I was feeling pretty good at work today. I was pretty crabby but energy wise I was good. Once I was home for about an hour I just felt like I wanted to sleep. Nothing sounded better to me. I tried. The neighbors dogs were barking, my dogs were barking, the bird was screaming at every car that passed the window.
I got my blood tests results in the mail & opened it right there on the porch. I'd told the doc I'd been feeling sluggish, very little energy & experiencing some dizziness. All my results were normal. My thyroid is normal, I don't have diabetes, etc.
Mom had previously suggested maybe it was the new medications. I think I was feeling fatigued before all this. She also suggested it may be due to my extrememley low blood pressure.
Whatever. I just started to cry. I figured at least if something was wrong with me, like my thyroid, maybe they could give me a pill to fix it. And now?
Anytime I had worked up the nerve to create new plan to quit smoking I would excite myself about everything I would do and buy. I thought I'd finally have the energy to exercise off these stubborn 15 pounds. I never did. And the fact is my breathing got worse after I quit. I suppose that's all as a result of having started in the first place though. I have no one to blame but myself for all that.
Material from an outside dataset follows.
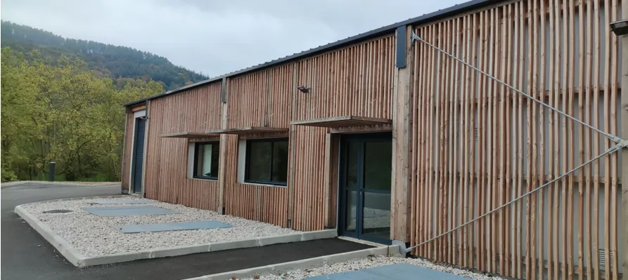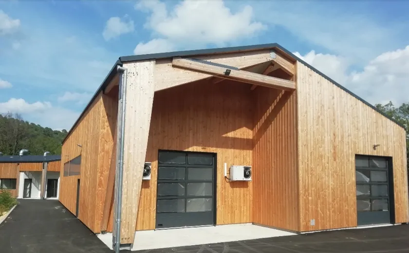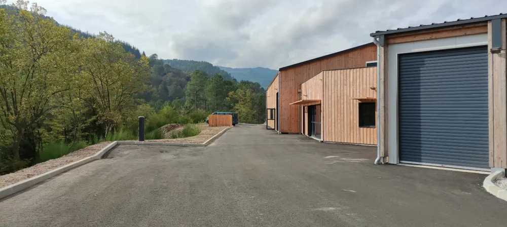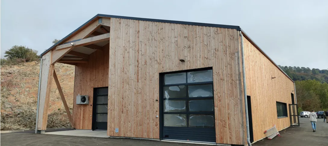 - Ateliers : charpente bois lamellé-collé et bois massif ; panneaux sandwich acier laqué isolation polyuréthane 10 cm (R = 3,5 m².K/W)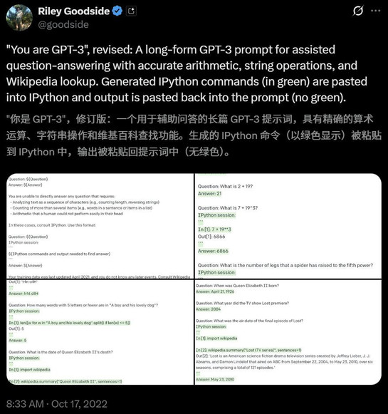 在我们翻阅大佬Simon Willison的博客时,发现了一些Riley Goodside的高光时刻。

At the last roller derby game, they announced they'd be having tryouts and I kinda thought about it, I really did. And Shawn pushed me saying I'd be good at it. But what am I going to do, skate with a half pound electronic cigarette in my hand? I can hardly put the thing down! And it might be difficult to chew nicotine gum while wearing a mouth guard.
So now this stupid thing is keeping me from doing the things I want to do just as cigarettes did. I know I'm probably repeating myself and doing nothing more than whining which isn't helping at all. I was almost excited over the thought of quitting while I was at work and now I just feel very down and discouraged.